* _TRY IT_
Go through the entries below and print each one exactly, leaving out pictures.

* _EXTRACTED RECORDS_
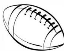
16 - FOOTBALL
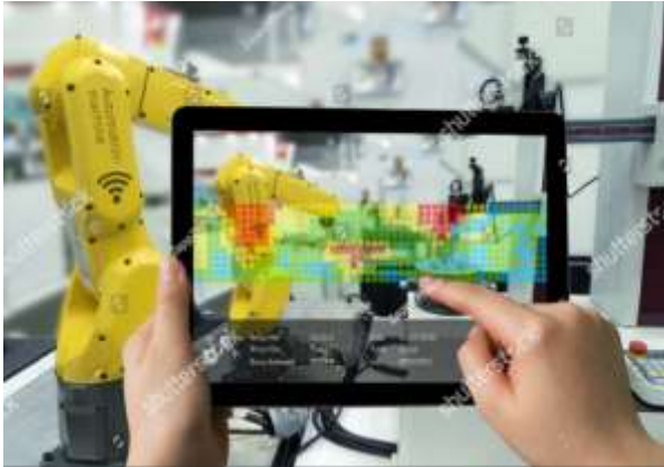
Fig – 2: Augmented Reality in Industry 4.0
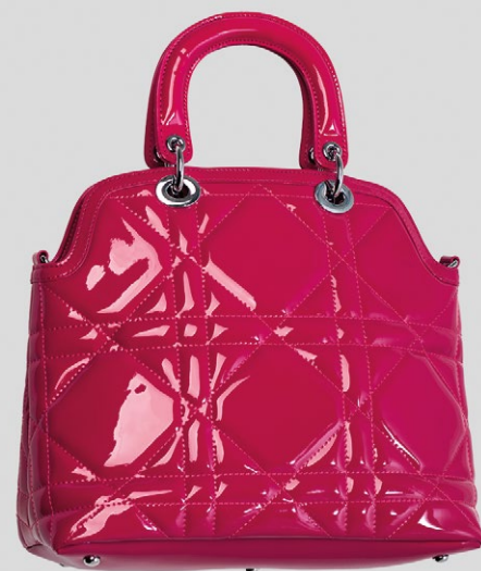
page 10 handbag art. M703-B
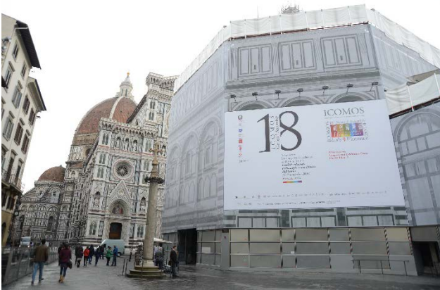
Figure 11: 2014 Declaration of Florence indicated that heritages has the power to drive urban redevelopment.

not only increased the visibilities of Taiwan's international heritage preservation organizations, it also opened up the modern post-World War II architectural heritage preservation topics as well. Monuments in Taipei, such as the Chiang Kai-shek Memorial Hall, Yangmingshan Zhongshan House, and the Mosque are subjects that the Docomomo International is currently committed to preserve. On March 30, 2015, Taiwan and AusHeritage have signed the Memorandum of Understanding (MOU) on cultural heritage cooperation to work together on cultural initiatives such as underwater archeology and preservation techniques.
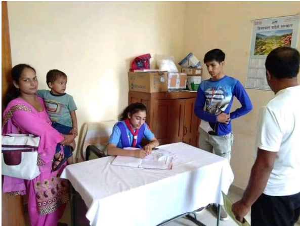
Figure 13 R&R students at Civil Hospital
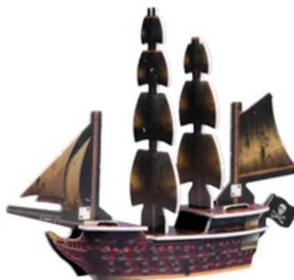
PS-011 The Darkhawk II

Naturally, some game pieces in these rarities are worth more than the above guide indicates. The Darkhawk II a Pirate ship with a VERY large cargo commands up to $7.00 in the secondary market, however, for the most part, most non-rare game pieces can be had for under $3.00 a piece.
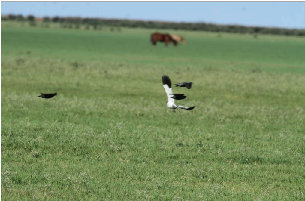
Plate 1. Sociable Lapwing Vanellus gregarius at Boujagh NP, Iran, 27 November 2010.

The Sociable Lapwing was recorded at the nearby Anzali wetland area, 40 km west of Boujagh NP, on at least four occasions 1967–1998 (Table 1). Far to the east of Boujagh NP, between the two wetlands of Miankaleh and Gomishan, two Sociable Lapwings were observed by KR 15 November 2007. The birds were observed foraging in ploughed farmland adjacent to Khajeh-Nafas village (37° 02' 26" N, 54° 03' 35" E). The feeding behaviour of the birds was observed for about one hour, and the main prey item appeared to be Mole Crickets Gryllotalpa gryllotalpa . On 10 March 2009, a Sociable Lapwing in summer plumage was observed by KR and MG in Miankaleh wildlife refuge (36° 50' 23.5" N, 53° 27' 48.7" E, Plate 3). Also one individual was photographed at the same area 16
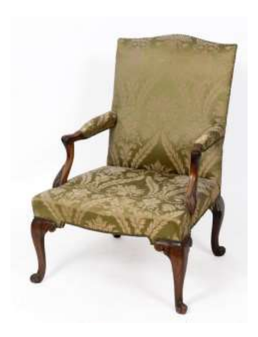
Gainsborough style library armchair £1,000-1,500 (Somerset Rectory)
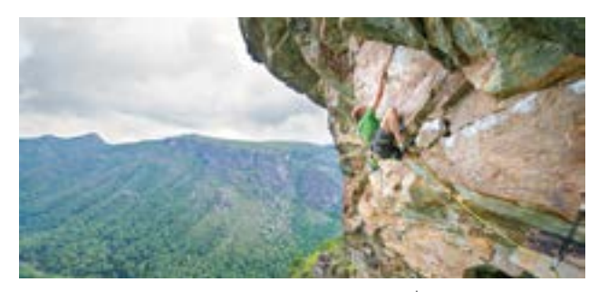
Linville Gorge Wilderness, NC

national policy to replace the ban. Although this process did not reach a consensus, it recommended that climbing be considered an appropriate activity in Wilderness and that some use and placement of fixed anchors is acceptable. The USFS has yet to issue a national-level Wilderness fixed anchor policy (Access Fund continues to work on this issue). However, the BLM and NPS have issued Wilderness policies, based on the negotiated rulemaking recommendations, stating that climbing is an appropriate activity and that occasional use of fixed anchors does not violate the Wilderness Act of 1964.
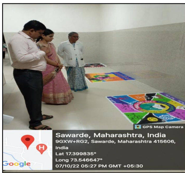
Rangoli competition 07/10/2022
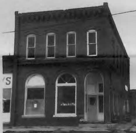
Bank of Nashville

The Bank of Nashville is a preservation success story in the making. One of the few commercial buildings left in Nash, the bank building had hosted a number of commercial concerns over the years. Recent years had seen the building fall into disrepair and threatened with demolition. The New Nashville Historical Preservation Association stepped in to save the building. Through their efforts, the building has been stabilized and rehabilitation has begun. The organization also sponsored the nomination of the bank to the National Register.
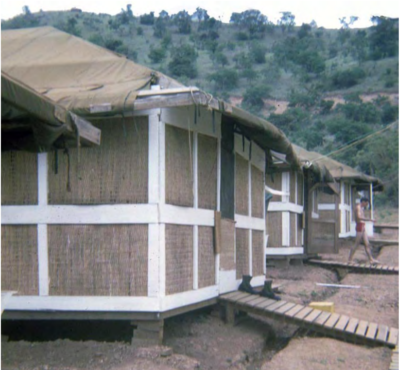
1. Phan Rang AB: 1966: New tent-huts, with wooden walkways and storm drains.
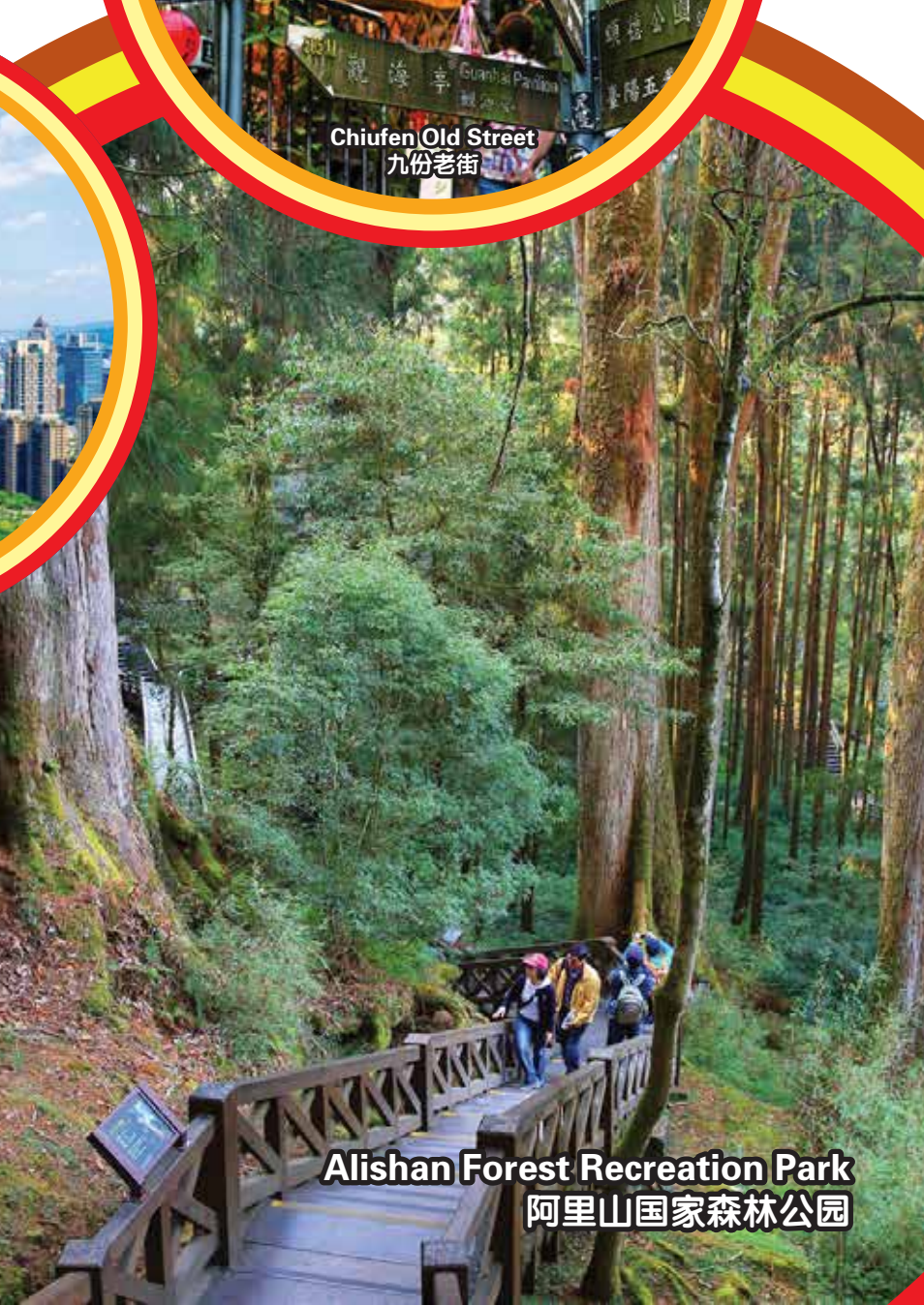
Alishan Forest Recreation Park 阿里山国家森林公园

Sequences of Itinerary are subject to local arrangement. 行程次序, 以当地旅社安排为准。

* _SOLUTION FOR THIS TASK_
16 - FOOTBALL
Fig – 2: Augmented Reality in Industry 4.0
page 10 handbag art. M703-B
Figure 11: 2014 Declaration of Florence indicated that heritages has the power to drive urban redevelopment.

not only increased the visibilities of Taiwan's international heritage preservation organizations, it also opened up the modern post-World War II architectural heritage preservation topics as well. Monuments in Taipei, such as the Chiang Kai-shek Memorial Hall, Yangmingshan Zhongshan House, and the Mosque are subjects that the Docomomo International is currently committed to preserve. On March 30, 2015, Taiwan and AusHeritage have signed the Memorandum of Understanding (MOU) on cultural heritage cooperation to work together on cultural initiatives such as underwater archeology and preservation techniques.
Figure 13 R&R students at Civil Hospital
PS-011 The Darkhawk II

Naturally, some game pieces in these rarities are worth more than the above guide indicates. The Darkhawk II a Pirate ship with a VERY large cargo commands up to $7.00 in the secondary market, however, for the most part, most non-rare game pieces can be had for under $3.00 a piece.
Plate 1. Sociable Lapwing Vanellus gregarius at Boujagh NP, Iran, 27 November 2010.

The Sociable Lapwing was recorded at the nearby Anzali wetland area, 40 km west of Boujagh NP, on at least four occasions 1967–1998 (Table 1). Far to the east of Boujagh NP, between the two wetlands of Miankaleh and Gomishan, two Sociable Lapwings were observed by KR 15 November 2007. The birds were observed foraging in ploughed farmland adjacent to Khajeh-Nafas village (37° 02' 26" N, 54° 03' 35" E). The feeding behaviour of the birds was observed for about one hour, and the main prey item appeared to be Mole Crickets Gryllotalpa gryllotalpa . On 10 March 2009, a Sociable Lapwing in summer plumage was observed by KR and MG in Miankaleh wildlife refuge (36° 50' 23.5" N, 53° 27' 48.7" E, Plate 3). Also one individual was photographed at the same area 16
Gainsborough style library armchair £1,000-1,500 (Somerset Rectory)
Linville Gorge Wilderness, NC

national policy to replace the ban. Although this process did not reach a consensus, it recommended that climbing be considered an appropriate activity in Wilderness and that some use and placement of fixed anchors is acceptable. The USFS has yet to issue a national-level Wilderness fixed anchor policy (Access Fund continues to work on this issue). However, the BLM and NPS have issued Wilderness policies, based on the negotiated rulemaking recommendations, stating that climbing is an appropriate activity and that occasional use of fixed anchors does not violate the Wilderness Act of 1964.
Rangoli competition 07/10/2022
Bank of Nashville

The Bank of Nashville is a preservation success story in the making. One of the few commercial buildings left in Nash, the bank building had hosted a number of commercial concerns over the years. Recent years had seen the building fall into disrepair and threatened with demolition. The New Nashville Historical Preservation Association stepped in to save the building. Through their efforts, the building has been stabilized and rehabilitation has begun. The organization also sponsored the nomination of the bank to the National Register.
1. Phan Rang AB: 1966: New tent-huts, with wooden walkways and storm drains.
Alishan Forest Recreation Park 阿里山国家森林公园

Sequences of Itinerary are subject to local arrangement. 行程次序, 以当地旅社安排为准。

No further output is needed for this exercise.